Alex zog sie in seine Arme und küsste sie leidenschaftlich. Ich sah zur Seite. In der Ecke direkt neben der Haustür stand eine Schaufensterpuppe. Sie trug Rians roten Anzug.
Danielle und Alex zogen mich mit sich.
Wir gelangten in ein offenes Wohnzimmer, das mit der Küche verbunden war.
Nina, Ginny und Angel saßen in Pyjamas vor einem Fernseher. Alle waren voller Federn. Cam lag auf der Couch und hatte die Fernbedienung.
Als Nina mich bemerkte, sprang sie auf, raste auf mich zu und umarmte mich sehr fest.
"Dir gehts gut?" fragte sie glücklich und sah zu mir auf.
Ich zwang mich zum Lächeln.
Ninas Lächeln verschwand. "Was ist passiert? Warum ist Rian nicht bei dir?"
Danielle führte mich zu einem Stuhl. Nina folgte mir. Cameron schaltete den Fernseher ab und setzte sich neugierig auf.
"Rian und ich sind mit Damien mitgegangen. Eigentlich wollte er uns glaub ich nur was zeigen. Er brachte uns zu sich nach Hause, zu seiner Familie.

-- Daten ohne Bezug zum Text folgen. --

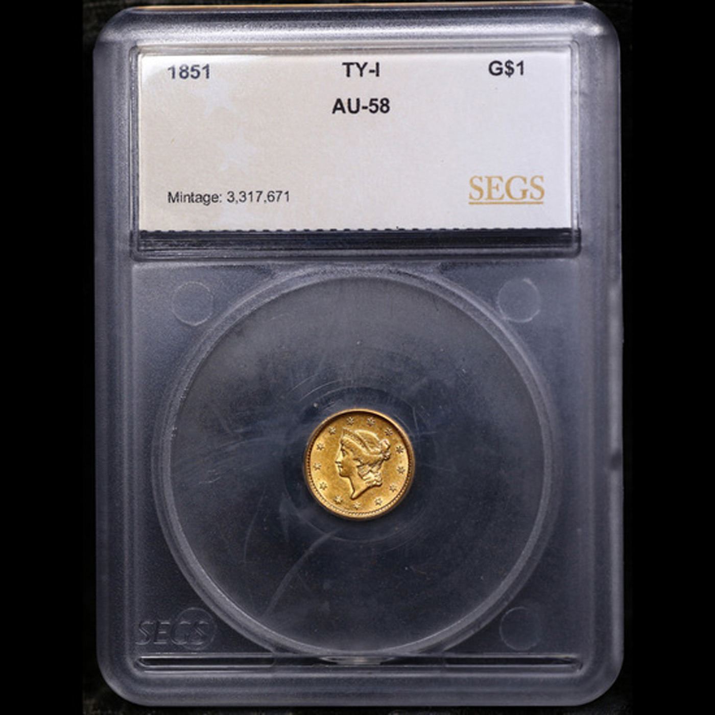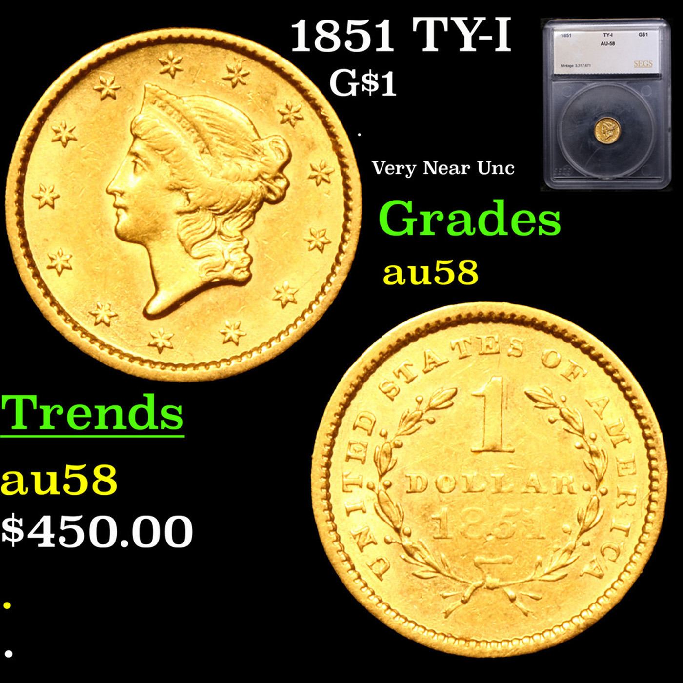 1851 TY-I Gold Dollar $1 Graded au58 BY SEGS.

Rian und ich sind abgehauen, weil Damiens Oma nicht damit zurecht kam, ein Mischlingskind in der Familie zu haben. Und dann...sie haben uns wiedergefunden und Damien übte Druck auf Rian aus. Er hat behauptet, Isabella hätte euch alle verhaften lassen. Rian wollte euch retten. Und dann...ich habe sie aufgehalten, bevor sie den Palast gestürmt hat...Jemand hat mich bewusstlos geschlagen, mit irgendeinem Gegenstand. Als ich aufgewacht bin, war ich wieder bei Damiens Oma zuhause, die sich besoffen hat. Heute hat sie mich hergebracht."
"Und Rian?" fragte Nina besorgt.
"Ich habe ihre Gefühle spüren können. Sie hatte Angst. Und Schmerzen. Und danach...war da nichts mehr. Ich habe sie im Traum gesehen. Ihre Haare waren geschnitten. Schlampig. Sie sah...misshandelt aus. Blaue Flecke...sie war voller Blut und sie wollte nicht, das ich sie suche. Sie hat die ganze Zeit gebrannt. Und dann hat sie sich in Asche aufgelöst."